» **Work to complete**
Reproduce exactly the lines of the listing from the one containing "Number: 03**** |" to its final line, both included.
◆ ◆ ◆
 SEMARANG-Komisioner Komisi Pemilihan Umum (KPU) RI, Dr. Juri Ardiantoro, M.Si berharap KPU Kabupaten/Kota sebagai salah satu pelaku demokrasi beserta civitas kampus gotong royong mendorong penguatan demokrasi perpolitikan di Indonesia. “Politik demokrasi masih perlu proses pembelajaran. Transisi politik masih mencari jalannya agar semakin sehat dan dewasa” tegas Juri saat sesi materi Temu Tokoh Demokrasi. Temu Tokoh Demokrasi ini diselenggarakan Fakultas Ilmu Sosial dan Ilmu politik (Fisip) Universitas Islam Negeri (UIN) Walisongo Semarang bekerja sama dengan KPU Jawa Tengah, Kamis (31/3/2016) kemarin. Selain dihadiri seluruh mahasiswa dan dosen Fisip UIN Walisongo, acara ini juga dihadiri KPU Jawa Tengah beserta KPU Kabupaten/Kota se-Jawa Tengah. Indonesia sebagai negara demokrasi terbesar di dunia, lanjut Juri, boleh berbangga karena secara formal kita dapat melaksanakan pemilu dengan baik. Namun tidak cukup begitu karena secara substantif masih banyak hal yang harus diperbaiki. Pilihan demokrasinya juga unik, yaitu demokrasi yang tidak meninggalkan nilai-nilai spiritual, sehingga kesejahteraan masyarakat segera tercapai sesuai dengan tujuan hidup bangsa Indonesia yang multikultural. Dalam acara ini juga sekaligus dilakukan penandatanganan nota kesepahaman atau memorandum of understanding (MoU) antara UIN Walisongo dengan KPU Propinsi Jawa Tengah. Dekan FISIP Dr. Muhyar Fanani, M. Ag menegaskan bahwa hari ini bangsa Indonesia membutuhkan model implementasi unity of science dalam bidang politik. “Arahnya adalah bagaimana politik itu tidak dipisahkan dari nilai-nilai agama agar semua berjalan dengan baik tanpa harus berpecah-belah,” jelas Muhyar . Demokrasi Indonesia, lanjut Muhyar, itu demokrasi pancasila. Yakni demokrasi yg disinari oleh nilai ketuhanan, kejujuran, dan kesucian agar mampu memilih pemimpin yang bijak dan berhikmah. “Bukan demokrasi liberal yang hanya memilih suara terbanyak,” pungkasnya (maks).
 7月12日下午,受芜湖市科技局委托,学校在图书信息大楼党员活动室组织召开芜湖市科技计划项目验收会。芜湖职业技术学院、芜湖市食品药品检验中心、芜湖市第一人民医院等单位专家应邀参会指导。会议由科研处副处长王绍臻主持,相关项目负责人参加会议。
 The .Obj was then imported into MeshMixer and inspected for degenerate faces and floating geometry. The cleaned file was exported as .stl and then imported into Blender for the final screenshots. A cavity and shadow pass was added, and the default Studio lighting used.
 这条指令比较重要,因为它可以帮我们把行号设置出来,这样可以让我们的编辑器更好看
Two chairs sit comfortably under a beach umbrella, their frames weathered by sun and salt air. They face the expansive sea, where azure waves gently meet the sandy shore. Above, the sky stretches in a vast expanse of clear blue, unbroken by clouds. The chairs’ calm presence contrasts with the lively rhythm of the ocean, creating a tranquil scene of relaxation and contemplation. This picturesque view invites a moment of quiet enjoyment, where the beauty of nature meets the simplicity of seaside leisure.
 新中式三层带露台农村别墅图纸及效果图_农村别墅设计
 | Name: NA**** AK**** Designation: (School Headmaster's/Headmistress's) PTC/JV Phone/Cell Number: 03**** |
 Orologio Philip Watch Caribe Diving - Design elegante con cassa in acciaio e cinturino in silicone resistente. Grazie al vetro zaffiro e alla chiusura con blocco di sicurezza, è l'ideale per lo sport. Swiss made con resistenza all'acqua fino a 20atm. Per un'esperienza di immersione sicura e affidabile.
◆ ◆ ◆
» **Result of the task**
 | Name: NA**** AK**** Designation: (School Headmaster's/Headmistress's) PTC/JV Phone/Cell Number: 03**** |
 Orologio Philip Watch Caribe Diving - Design elegante con cassa in acciaio e cinturino in silicone resistente. Grazie al vetro zaffiro e alla chiusura con blocco di sicurezza, è l'ideale per lo sport. Swiss made con resistenza all'acqua fino a 20atm. Per un'esperienza di immersione sicura e affidabile.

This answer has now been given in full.